**What you should do:** With the pictures left out, write out exactly the lines of the listing below that run from the line with "Переложить мякоть в" through the line with "Lila Hoodie mit".

**Record excerpts:**

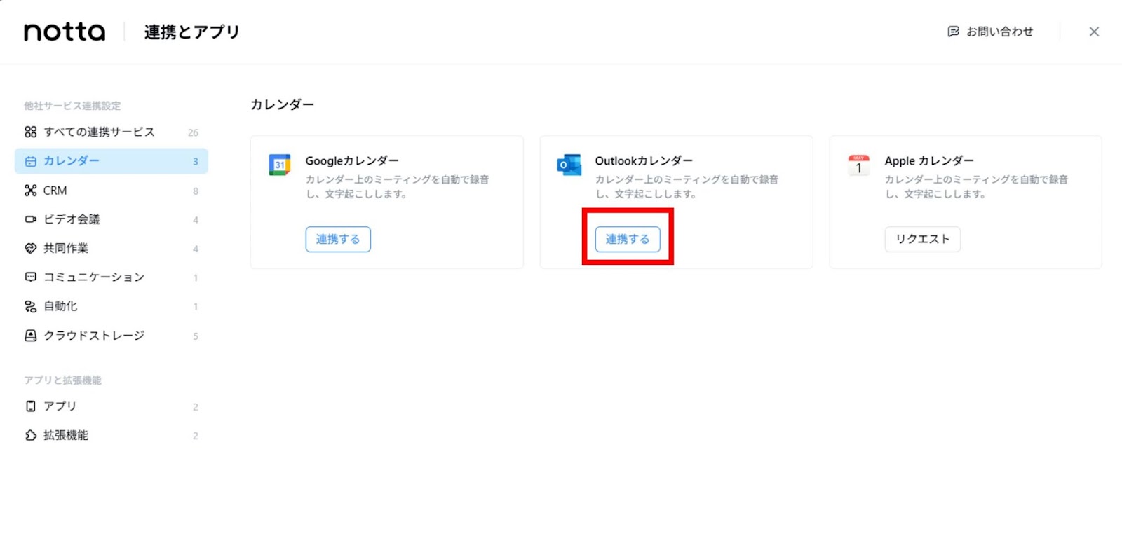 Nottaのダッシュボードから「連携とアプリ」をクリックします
...
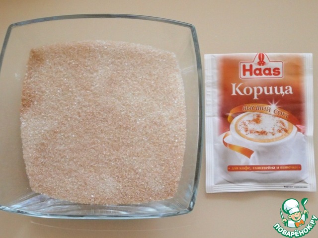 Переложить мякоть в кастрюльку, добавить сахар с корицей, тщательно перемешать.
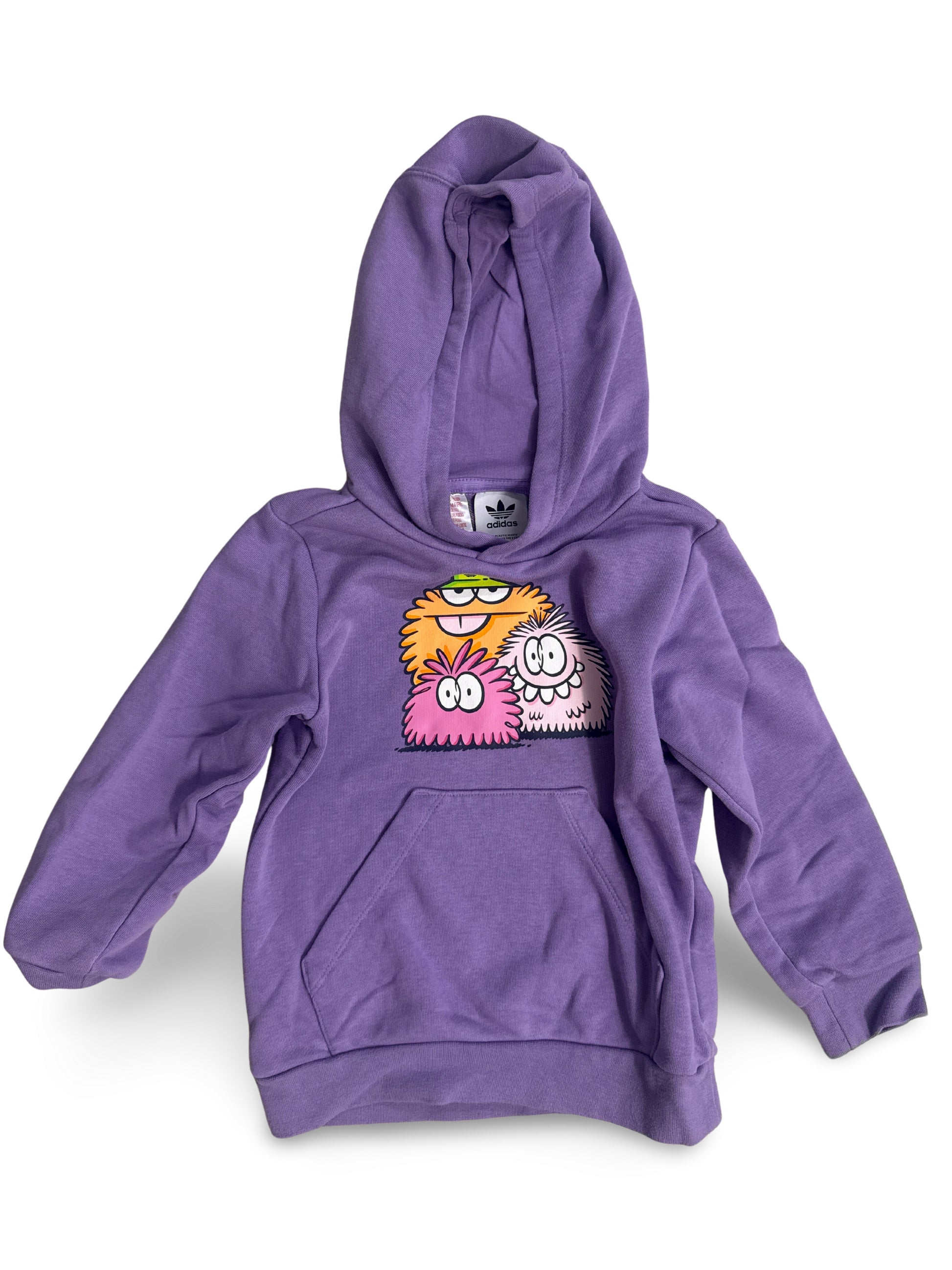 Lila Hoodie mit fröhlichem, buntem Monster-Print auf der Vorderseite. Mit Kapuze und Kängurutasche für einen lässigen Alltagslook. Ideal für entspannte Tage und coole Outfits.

**Answer section:**
 Переложить мякоть в кастрюльку, добавить сахар с корицей, тщательно перемешать.
 Lila Hoodie mit fröhlichem, buntem Monster-Print auf der Vorderseite. Mit Kapuze und Kängurutasche für einen lässigen Alltagslook. Ideal für entspannte Tage und coole Outfits.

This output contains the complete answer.